3. Предприимчивый человек, который строит дом на пустыре

Ах, сынок, ты испугался Стамбула

В первые месяцы в Стамбуле по ночам мальчику не давал спать шум города, доносившийся издалека. Иногда Мевлют в страхе просыпался, слышал собачий лай, понимал, что отец еще не вернулся домой, и, накрывшись с головой одеялом, пытался снова заснуть — но не тут-то было. Отец заметил, что Мевлют слишком сильно боится собак, и отвел его к одному шейху, жившему в деревянном особняке в Касым-Паша. Тот прочитал перед сыном Мустафы несколько молитв и подул на него. Мевлют помнил об этом долгие годы.

Кюльтепе, Дуттепе и другие окрестности он узнал с помощью Сулеймана, который освоился за год и пришел навестить брата. Мевлют повидал очень много лачуг гедже-конду. В большинстве из них жили только мужчины. Многие из тех, кто приехал сюда за последние пять лет из Анатолии, либо оставили своих жен с детьми в деревне, как отец Мевлюта, либо были такими нищими, что жениться у них не было никакой возможности. Иногда через открытую дверь Мевлют видел, что в доме, состоявшем из одной комнаты, на кроватях отдыхают без движения по шесть-семь холостых мужчин. Вокруг каждого дома слонялись злые собаки. Собаки сбегались на тяжелый запах мужского пота. Мевлют боялся и собак, и таких вот мужчин, потому что они были злыми, хмурыми и грубыми.

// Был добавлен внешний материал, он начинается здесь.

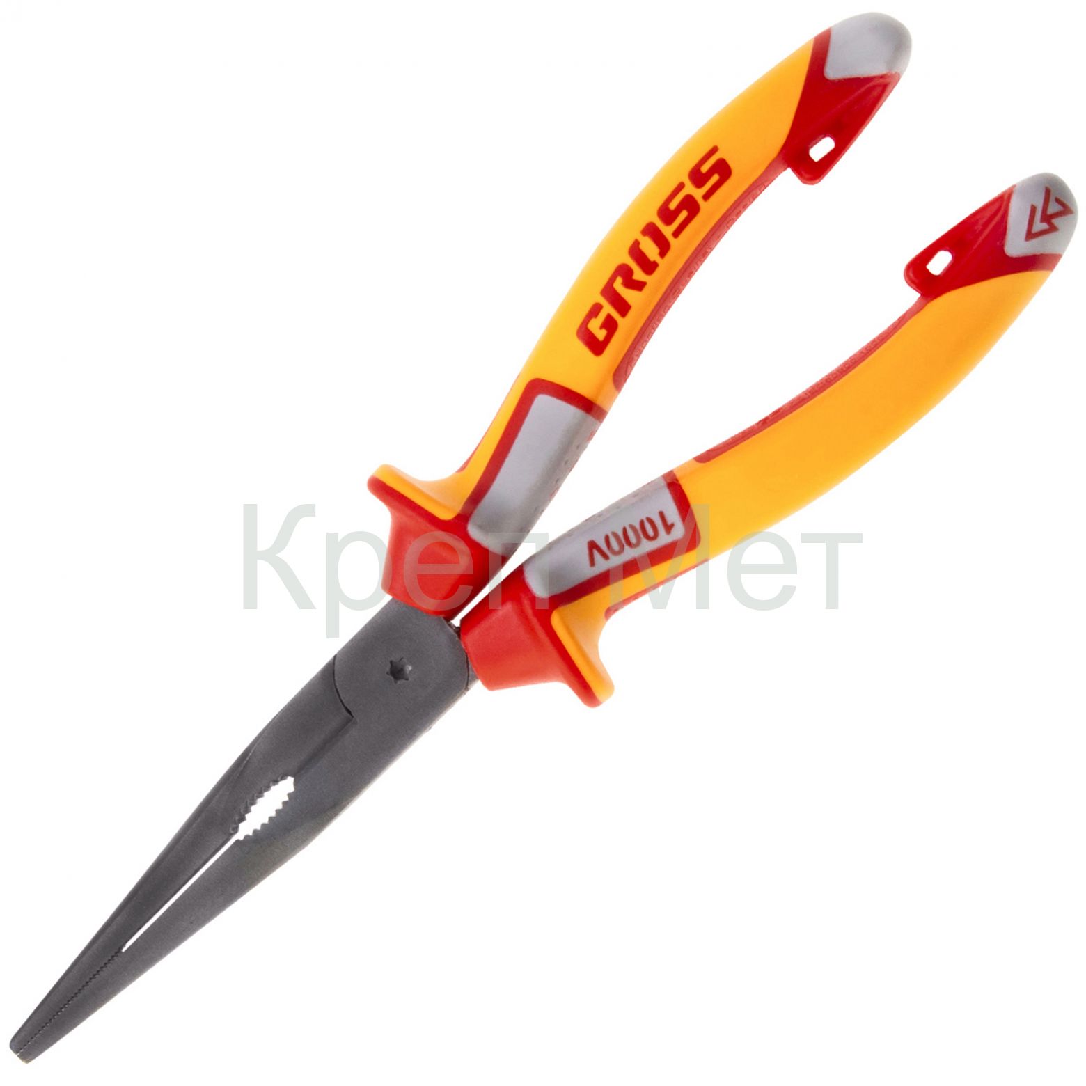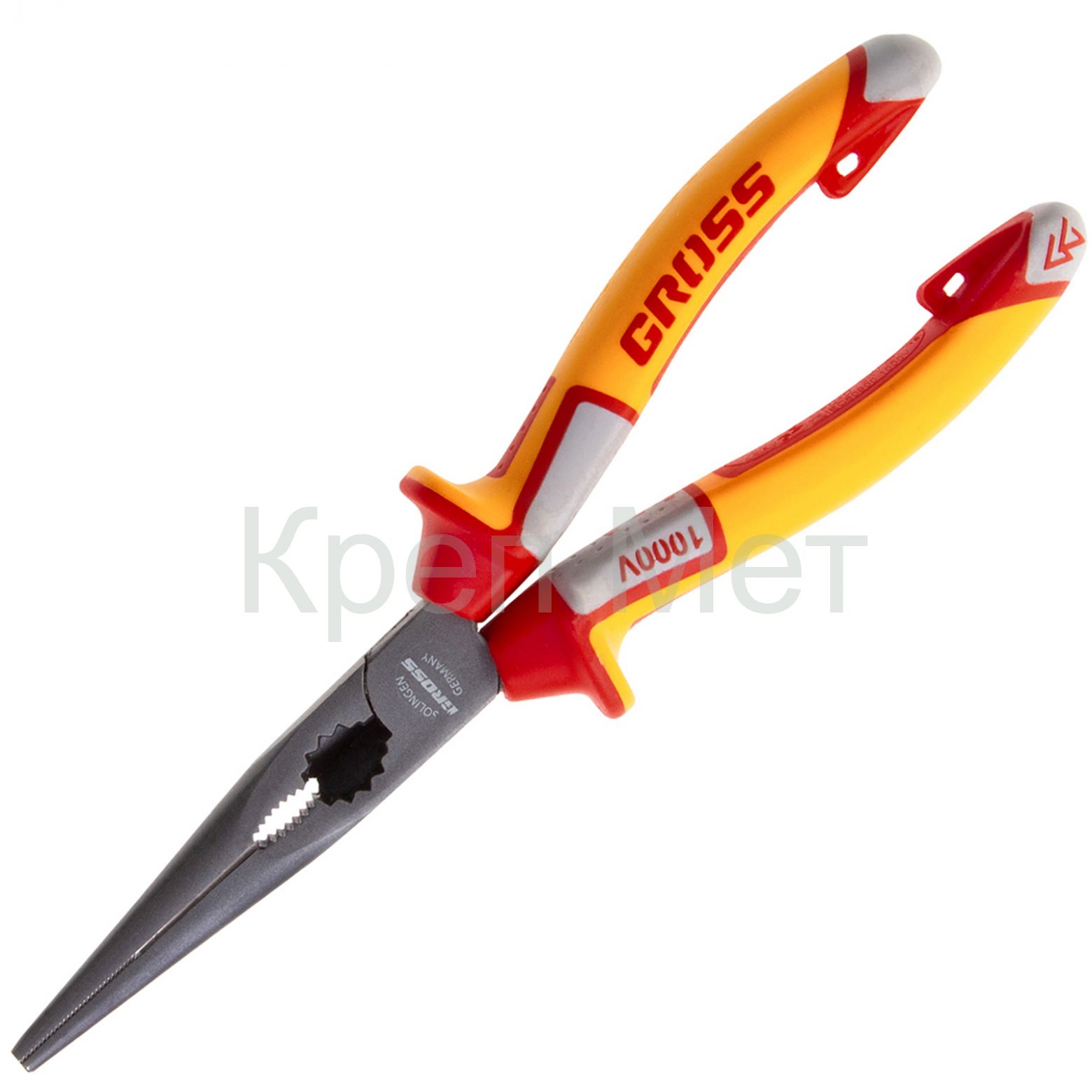 - Длинногубцы прямые, диэлектрические рукоятки до 1000 В, трехкомпонентные рукоятки, 205 мм Gross

На рынке у подножия холма Дуттепе, на главной улице квартала (в конце ее находилось автобусное кольцо), были лавка с бакалейными товарами, которую его отец называл «из-под полы», магазинчик, где торговали мешками с цементом, снятыми с петель дверьми, старой черепицей, печными трубами, пластиковой пленкой, и палатка-кофейня, где коротали время, подремывая, неудачники, не нашедшие работу в городе. Посредине дороги, ведущей на вершину холма, дядя Хасан тоже открыл маленькую бакалейную лавку. Когда у Мевлюта было свободное время, он поднимался туда и со своими двоюродными братьями Коркутом и Сулейманом делал кульки из старых газет.

Сулейман. Из-за упрямства моего дяди Мустафы Мевлют впустую потратил целый год в деревне, поэтому в мужском лицее имени Ататюрка был записан на класс младше, чем я. Когда я видел Мевлюта в школе на переменах, я сразу подходил к нему и болтал с ним. Мы очень любим Мевлюта и воспринимаем его отдельно от дяди. Однажды вечером они пришли с дядей Мустафой в наш дом в Дуттепе. Как только Мевлют увидел мою мать, он сразу обнял ее, должно быть затосковав по своей матери и сестрам.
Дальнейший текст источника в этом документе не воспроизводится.